Whitman testified about his company’s history of investing in Pleasanton, California-based Polycom, a maker of videoconferencing equipment, and his decision to buy the company’s shares. He told jurors his hedge fund, which he founded in 1994, invested in Polycom beginning with the company’s 1996 initial public offering.
The firm based its investment decisions on legitimate research, including talks with company management, Whitman said.
Polycom and Marvell were among the 20-to-30 technology stocks that formed Whitman Capital’s core holdings, Whitman said. At times the firm invested more than 15 percent of the $100 million it managed in Polycom stock, he told jurors. Marvell holdings ranged as high as 20 percent.
Whitman said he met Khan, a former Intel Corp. executive, in 2002 and talked to her by phone about once a week. He called her “very smart” and said she knew a lot about the industry.
“We probably talked most about her personal life, more than anything else,” Whitman testified. “And we also talked about stocks, industry things.”
Whitman said he didn’t know that Khan had pleaded guilty in 2001 to passing confidential earnings information from Intel to Galleon Group LLC co-founder Raj Rajaratnam. Khan, who pleaded guilty to a new set of insider trading charges in 2009, is cooperating with the government.

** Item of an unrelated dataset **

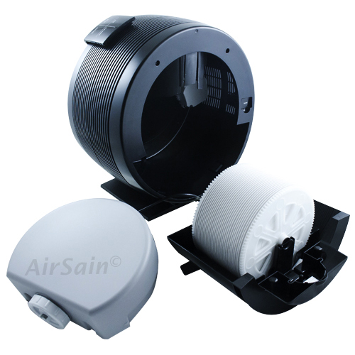De Stylies Aquarius design luchtbevochtiger én luchtwasser maakt weinig geluid en is geschikt voor het bevochtigen van grotere kamers tot 50 m2, bijvoorbeeld een woonkamer of een grote slaapkamer. De lucht wordt op een natuurlijke wijze - koud water verdamping - van voldoende vocht voorzien. Tevens worden kleine deeltjes die in de lucht zweven verwijderd. Verontreinigingen zoals stof en pollen slaan neer op de bevochtigingsschijven van de luchtbevochtiger. De snelheid van verdamping is te regelen met behulp van 2 standen, de hoge of lage ventilatiestand. Deze nieuwe bevochtiger - luchtwasser heeft een mooi design en is voorzien van een instelbare hygrostaat en schakelt automatisch uit bij een leeg reservoir. De Aquarius design luchtbevochtiger toont de actuele relatieve vochtigheid en heeft een indicator voor reiniging. Voor goede, hygiënische luchtbevochtiging wordt de 'Ionic Silver Cube' gebruikt. De Ionic Silver Cube bevat zilverionen die gelijkmatig aan het water worden afgegeven zodat micro-organismen niet kunnen groeien. De Stylies Aquarius design bevochtiger gebruikt geen filtermatten voor bevochtiging. Het water verdampt rechtstreeks vanaf de bevochtigingsschijven die langzaam door het reservoir draaien.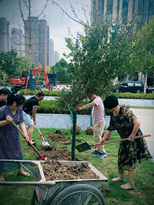 上午9時(shí)許,全體黨員準(zhǔn)時(shí)來到徽鹽世紀(jì)廣場(chǎng)商辦樓前,開始植樹活動(dòng)?;顒?dòng)現(xiàn)場(chǎng),黨員們不顧天氣炎熱,相互協(xié)作,配合默契,展現(xiàn)出一片熱火朝天的勞動(dòng)場(chǎng)景。搬運(yùn)樹苗、揮鍬挖坑、填土栽種……經(jīng)過1個(gè)多小時(shí)的努力,六株蔥郁的紫薇屹立于商辦樓前,為徽鹽世紀(jì)廣場(chǎng)增添了一道亮麗的風(fēng)景。隨后,大家還小心翼翼地在樹上系上“機(jī)關(guān)第一黨支部種植”的銘牌,以此要求全體黨員養(yǎng)護(hù)好這些樹木,號(hào)召大家自覺養(yǎng)成植綠護(hù)綠的良好習(xí)慣。

In addition to Khan, jurors have heard testimony from two other witnesses who pleaded guilty and are cooperating with the government: Karl Motey, a consultant hired by Whitman, and Wesley Wang, a consultant and former Whitman Capital intern. Prosecutors presented instant messages and telephone recordings they claim show Whitman traded on confidential company information.
If convicted, Whitman faces as long as five years in prison on each conspiracy charge and 20 years on each securities fraud charge.
The government rested its case yesterday after presenting almost two weeks of testimony. The trial began July 30.
The final prosecution witness, a Menlo Park, California-based florist, Jeffrey Adair, testified that in July 2009 Whitman sent a $125 bouquet to Khan. Prosecutors claim Whitman, whose firm was based in Menlo Park, sent the flowers to thank Khan for a tip on Google’s earnings that hadn’t been publicly announced.
A note accompanying the flowers read, “thank you from whitman capital,” according to an order from Adair’s records.
Whitman’s lawyers yesterday also asked U.S. District Judge Jed Rakoff to let them read to jurors Bhalla’s 2011 testimony in a civil suit that he never passed illegal Polycom information to Khan. Rakoff has yet to rule on the request.
The case is U.S. v. Whitman, 1:12-cr-00125, U.S. District Court, Southern District of New York (Manhattan).